Последняя воля миланского герцога могла растрогать даже самое твердокаменное сердце: он просил похоронить себя рядом с женой в самом скромном и прекрасном монастыре Милана. В своем политическом завещании он подробно объяснял, как следует воспитывать его малолетних детей. Завещание Мавра — исторический документ, передающий возвышенность его духа и политического миросозерцания. В нем портрет государственного деятеля, поставившего во главу угла своей деятельности основной принцип — принцип долга. Завещание Мавра в то же время своеобычный трактат об искусстве управления государством, который, пожалуй, годится на все времена. Со страниц его веет величием духа Возрождения. Буквально ощущаешь духовную атмосферу эпохи, которая ставила человека в центр мироздания. Человек был исполнен гордости оттого, что находится в этом центре. Он глубоко и интенсивно переживал свое могущество, высшее свое человеческое достоинство и призвание: человек должен отдавать всего себя делу, которому служит. Неважно, улыбается или нет ему фортуна, он по праву своему верховный и абсолютный господин вселенной. Лудовико покинул исторические подмостки, оставив это завещание. Все, что случилось с ним потом, а проживет он еще десять лет, долгих несчастных лет, — второстепенное. Но в тот момент, когда он доверил пергаменту последнюю свою волю, Лудовико Мавр был на вершине своего величия. Он был человеком, который ни в чем не уступал ни Лоренцо Великолепному, ни Франческо Сфорца, своему отцу.

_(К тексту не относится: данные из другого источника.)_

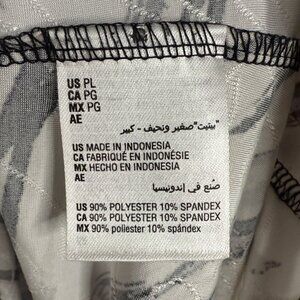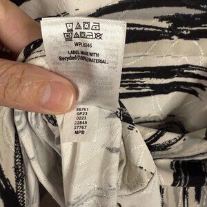 Crafted from 100% recycled material, this top features an abstract black and white print with textured details, offering both style and sustainability.

Теперь Мавр мог положиться только на одного из своих прежних союзников — на императора. Но тот в своей деятельности столкнулся со многими трудностями, которые еще не успел преодолеть. Так что император был не в состоянии хоть чем-то помочь Мавру.
Лудовико по-прежнему был окружен всенародной любовью. И ему удалось сколотить довольно многочисленное войско: 1600 стрелков и 1500 легкой кавалерии, 10000 итальянских пехотинцев и 500 немецких. Но и здесь Мавру не удалось избежать ошибки. Свое ополчение он доверил командованию Галеаццо Сансеверино, мужу несчастной Бьянки, который явно больше годился для рыцарских турниров и не обладал качествами военачальника. Тем более не подходил он для роли вершителя судеб отечества в столь сложный и ответственный момент.
Людовик XII отдал приказ к наступлению.
— Благословенные Господом поля и долины вскоре будут принадлежать только нам! — провозгласил великий рыцарь Джанджакомо Тривульцио, сняв по-христиански шлем в тот самый момент, когда 15 июля 1499 года переступил рубеж миланского герцогства.
Казалось, все беды и несчастья вселенной обрушились на голову Лудовико. 24 июля Венеция неожиданно отозвала своего посла и силой оружия захватила прилегающие к Брешии земли. Тем временем наступление Тривульцио верно и неуклонно продолжало развиваться. 13 августа он занял Рокка д’Ареццо, 14-го — Инчизу, 19-го он уже был в Анноне, между 20-м и 25-м один за другим оккупировал все города в Алессандрино, обеспечив тем самым скорое падение самой Алессандрии. На армию Лудовико Мавра оказывалось давление по всем фронтам. Миланский герцог опасался окружения. Сансеверино не мешкая отдал приказ об отступлении к Милану.
— Последняя надежда на императора, — доверился судьбе Мавр.
Когда же солдаты Максимилиана прибыли в Вальтеллину, вся область Бергамо была уже занята венецианскими войсками. Они были хозяевами в Караваджо, Сончино и Тревильо.
Подобно тому, как это уже однажды случилось с армией Карла VIII, армии Тривульцио и Венеции были встречены населением как «освободители». Верно, Мавр пользовался популярностью среди простого народа. Однако и прежде, а в особенности после смерти Беатриче, та изоляция, в которой он очутился, та особого рода усталость, в которую рано или поздно ввергает себя любой деспотический режим, с роковой неотвратимостью подтачивали его массовую опору. С каждым днем Мавр терял своих сторонников. Таким образом, и второй поход французов в Италию был встречен населением миланского герцогства с радостным ликованием. Армия Сфорца таяла на глазах. Вооруженные отряды, которые Катерина Сфорца, синьора Форли, срочно снарядила для оказания помощи своему дяде, шли весьма неохотно. Они совершенно равнодушно прореагировали на то, что на границе миланского герцогства их остановили верные папе гвардейцы.